- [WHAT IS BEING ASKED]: Everything in the entries except the pictures should be copied exactly.

- [DATA]:
↓↓↓

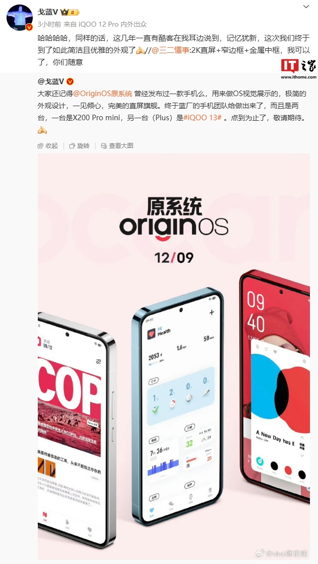 IT之家 10 月 9 日消息,iQOO 产品经理 @戈蓝V 昨日发文对 iQOO 13 的外观进行透露,结合他与网友互动来看,新机预计将采用直屏 + 窄边框 + 金属中框设计,整体外观类似此前 OriginOS 视觉展示机型。
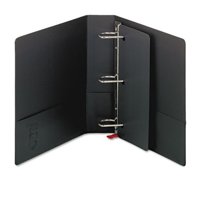 EasyOpenŽ rings open, close and lock with one touch. Locking Sland-DŽ rings hold 25% more than standard round rings. Heavy-duty construction featuring durable poly and chipboard. Transfer-safe material will not damage photos or documents. Ease-Of-Use Commendation from the Arthritis Foundation. Two inside pockets for additional storage. Capacity Range [Max]: 2"; Sheet Capacity: 500; Color(s): Black.
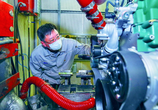 2020年5月7日,鹿新弟在车间检查柴油机的运行状况。 新华社记者龙雷摄
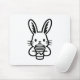 This simple black-and-white line art features a curious bunny holding a steaming cup of coffee. A clean and modern design for anyone who needs their caffeine fix and loves rabbits.
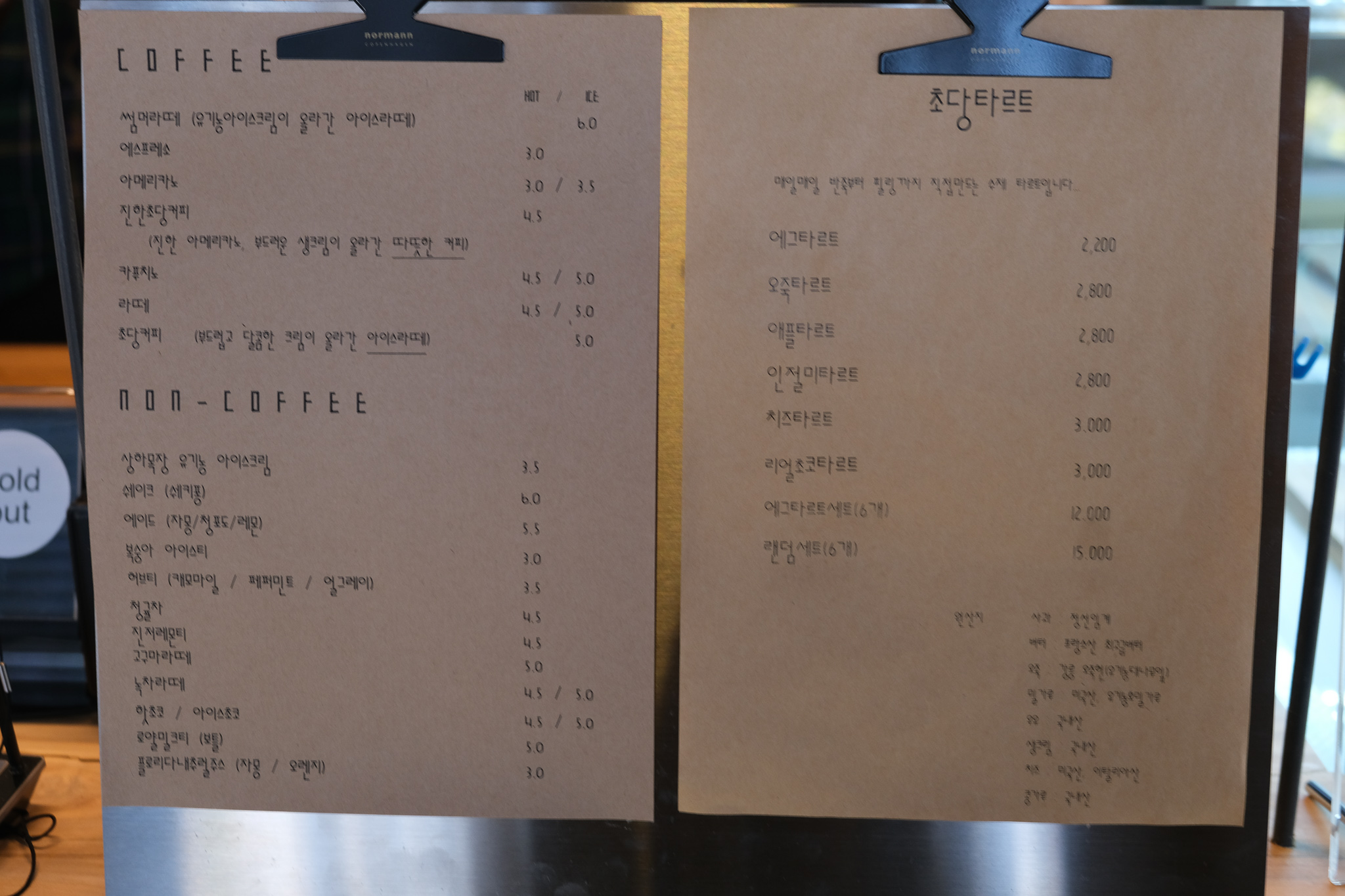 램던세트 (6개/동일한 타르트 종류를 2개 이상 넣을 수 없는 세트)와 아메리카노, 그리고 진한초당커피를 주문했다.
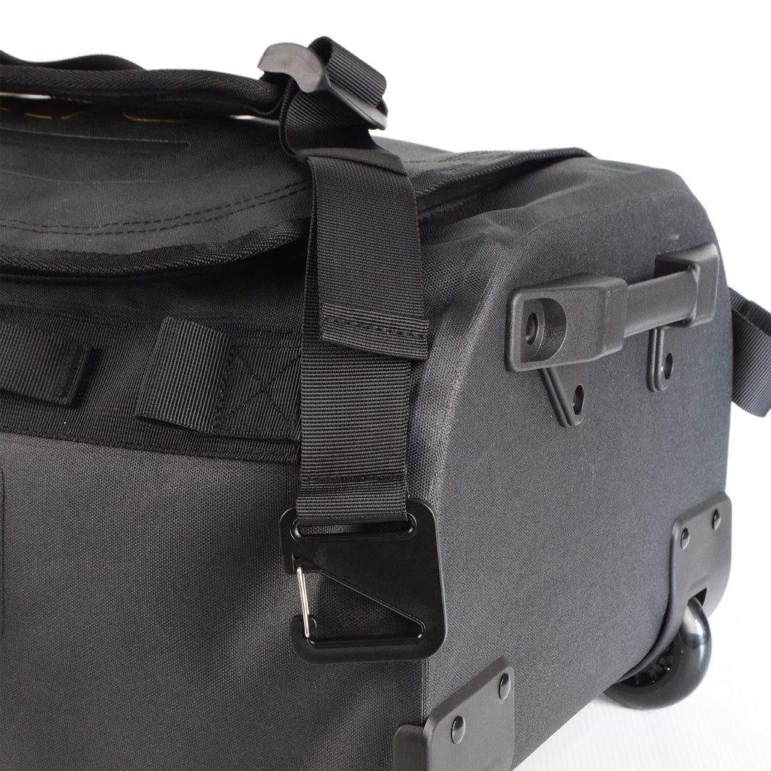 Защита от влаги реализована на высшем уровне благодаря использованию современного материала TPU и специальной U-образной молнии с водонепроницаемым покрытием. Клапан надежно фиксируется, что исключает попадание влаги даже при неожиданном дожде. Универсальность ношения обеспечивается продуманной конструкцией: съемные плечевые ремни позволяют использовать сумку как удобный рюкзак, а телескопическая ручка с колесами дает возможность легко катить ее за собой.
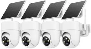 Oculview 2K Solar Security Cameras Wireless Outdoor, 4PCS Outdoor Camera Wireless with 360 View, Cameras for Home Security with Color Night Vision, Only Support 2.4GHz Wi-Fi, 4 Pack, White

↑↑↑

- [EXERCISE ANSWER]:
 IT之家 10 月 9 日消息,iQOO 产品经理 @戈蓝V 昨日发文对 iQOO 13 的外观进行透露,结合他与网友互动来看,新机预计将采用直屏 + 窄边框 + 金属中框设计,整体外观类似此前 OriginOS 视觉展示机型。
 EasyOpenŽ rings open, close and lock with one touch. Locking Sland-DŽ rings hold 25% more than standard round rings. Heavy-duty construction featuring durable poly and chipboard. Transfer-safe material will not damage photos or documents. Ease-Of-Use Commendation from the Arthritis Foundation. Two inside pockets for additional storage. Capacity Range [Max]: 2"; Sheet Capacity: 500; Color(s): Black.
 2020年5月7日,鹿新弟在车间检查柴油机的运行状况。 新华社记者龙雷摄
 This simple black-and-white line art features a curious bunny holding a steaming cup of coffee. A clean and modern design for anyone who needs their caffeine fix and loves rabbits.
 램던세트 (6개/동일한 타르트 종류를 2개 이상 넣을 수 없는 세트)와 아메리카노, 그리고 진한초당커피를 주문했다.
 Защита от влаги реализована на высшем уровне благодаря использованию современного материала TPU и специальной U-образной молнии с водонепроницаемым покрытием. Клапан надежно фиксируется, что исключает попадание влаги даже при неожиданном дожде. Универсальность ношения обеспечивается продуманной конструкцией: съемные плечевые ремни позволяют использовать сумку как удобный рюкзак, а телескопическая ручка с колесами дает возможность легко катить ее за собой.
 Oculview 2K Solar Security Cameras Wireless Outdoor, 4PCS Outdoor Camera Wireless with 360 View, Cameras for Home Security with Color Night Vision, Only Support 2.4GHz Wi-Fi, 4 Pack, White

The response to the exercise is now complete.